Green v. Acacia Mutual Life Ins.

128 N.E.2d 222, 98 Ohio App. 101, 57 Ohio Op. 187, 1954 Ohio App. LEXIS 637
CourtOhio Court of Appeals
DecidedMay 24, 1954
Docket7857 and 7858
StatusPublished
Cited by5 cases

This text of 128 N.E.2d 222 (Green v. Acacia Mutual Life Ins.) is published on Counsel Stack Legal Research, covering Ohio Court of Appeals primary law. Counsel Stack provides free access to over 12 million legal documents including statutes, case law, regulations, and constitutions.

Bluebook
Green v. Acacia Mutual Life Ins., 128 N.E.2d 222, 98 Ohio App. 101, 57 Ohio Op. 187, 1954 Ohio App. LEXIS 637 (Ohio Ct. App. 1954).

Opinion

Matthews, P. J.

These two appeals are from judgments rendered in favor of the same beneficiary in two insurance policies, identical in terms, upon the life of George C. Green. Each judgment is for $2,500 and interest, the full amount for which the plaintiff prayed. The defendant has appealed from each judgment, and the plaintiff has filed a notice of cross-appeal in each appeal. These judgments were entered on verdicts returned at a second trial. At the first trial the jury returned verdicts, which, upon defendant’s motions, were set aside, and new trials granted on the grounds of newly discovered evidence and that the verdicts were manifestly against the weight of the evidence. The plaintiff attempted to appeal from the granting of new trials, and the defendant cross-appealed from the orders overruling its motions for instructed verdicts and for judgments notwithstanding the verdicts. This court found that the trial court did not abuse its *102 discretion in granting the new trials and, therefore, dismissed the appeals because the orders appealed from were not reviewable by the court, and finding that the record contained no prejudicial error as to the defendant, therefore, dismissed the cross-appeal. Green v. Acacia Mutual Life Ins. Co., 88 Ohio App., 67, 94 N. E. (2d), 649. Finding our judgment in conflict with that rendered in Haffner v. Schmeidl, 87 Ohio App., 143, 90 N. E. (2d), 700, we certified the cause to the Supreme Court for final determination. That court affirmed the judgment of this court in holding that the granting of a motion for a new trial was not reviewable in the absence of an abuse of discretion. Of course the cross-appeal was not and could not have been certified, and no appeal was taken from that judgment. Therefore, the Supreme Court did not pass on any issues raised by the cross-appeal. See Green v. Acacia Mutual Life Ins. Co., 156 Ohio St., 1, 100 N. E. (2d), 211.

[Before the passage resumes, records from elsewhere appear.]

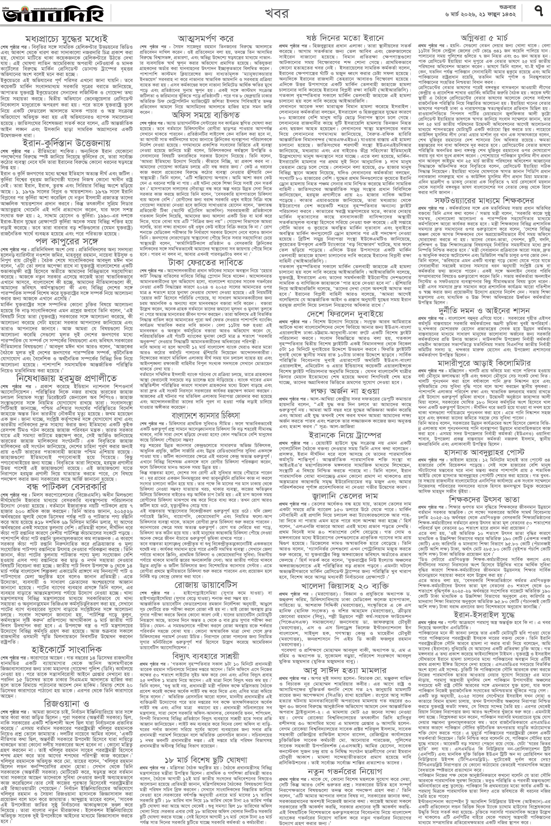 শুক্রবার, ০৬ মার্চ ২০২৬, ২২ ফাল্গুন ১৪৩২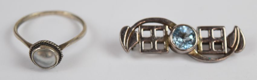 Silver bangle with ivy decoration, silver locket (Birmingham 1908), two silver rings, silver cross, silver brooch, 333 ring set with a zircon, Art Deco diamanté / paste buckles, diamanté bracelets, etc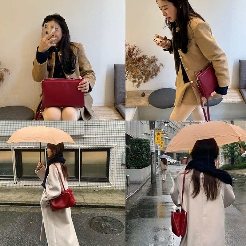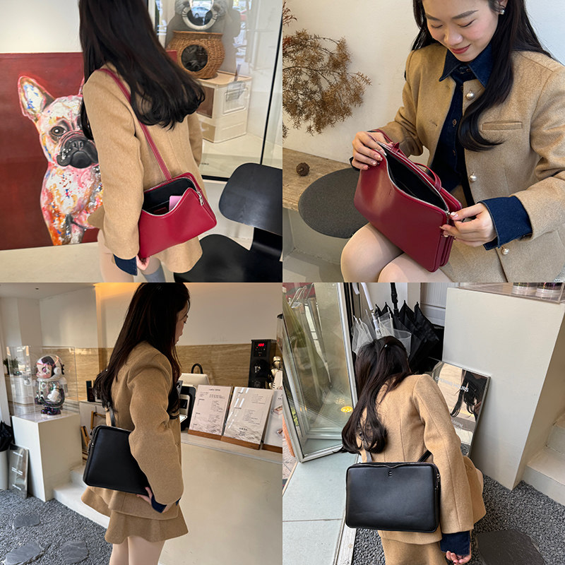 📚 【公子雯】双子包韩国小众复古牛皮女全秀林同款红色腋下单肩斜挎

The present appeals are from the judgments rendered in favor of the plaintiff. The plaintiff, by her cross-appeals, does not seek to set aside the judgments in her favor, but does seek to have the court determine whether the court should have sustained her motions for a directed verdict. In view of the fact that judgments were rendered in her favor for the full amount of her claims, it would seem that a sufficient answer to this cross-appeal would be that even if the court erred, no possible prejudice resulted to the plaintiff by reason thereof.

Furthermore, this cross-appeal could serve no greater purpose than an assignment of errors by an appellee under favor of Section 12223-21o, General Code (Section 2505.22, Revised Code), which would be considered only after the. court had concluded to reverse the judgment, and if the court should have done just *103 what in fact it did do, there would be no possibility of the court reaching any such conclusion. See Greenberg v. L. I. Snodgrass Co., 95 Ohio App., 307, 119 N. E. (2d), 114; affirmed 161 Ohio St., 351, 119 N. E. (2d), 292.

The basis of the plaintiff’s claim that judgment should have been rendered in her favor is that for the reason, hereinafter considered, there was no competent evidence of fraud introduced at the second trial and that defendant was precluded from relying on the defense of lack of sound health because of the dismissal of its prior cross-appeal. The record shows that at the first trial, the court refused to submit the issue of sound health to the jury, and such refusal was one of the assignments of error in the defendant’s cross-appeal. It is claimed that this court, by finding that there was no error prejudicial to the insurer, and dismissing its cross-appeal, established the law of this ease in view of the fact that the evidence was substantially the same at the second trial as at the first. Assuming, but not deciding, that such is the state of the record, we do not think the authorities justify the plaintiff’s conclusion. They seem to require the conclusion that in the absolute sense, there is no “law of the case” in Ohio.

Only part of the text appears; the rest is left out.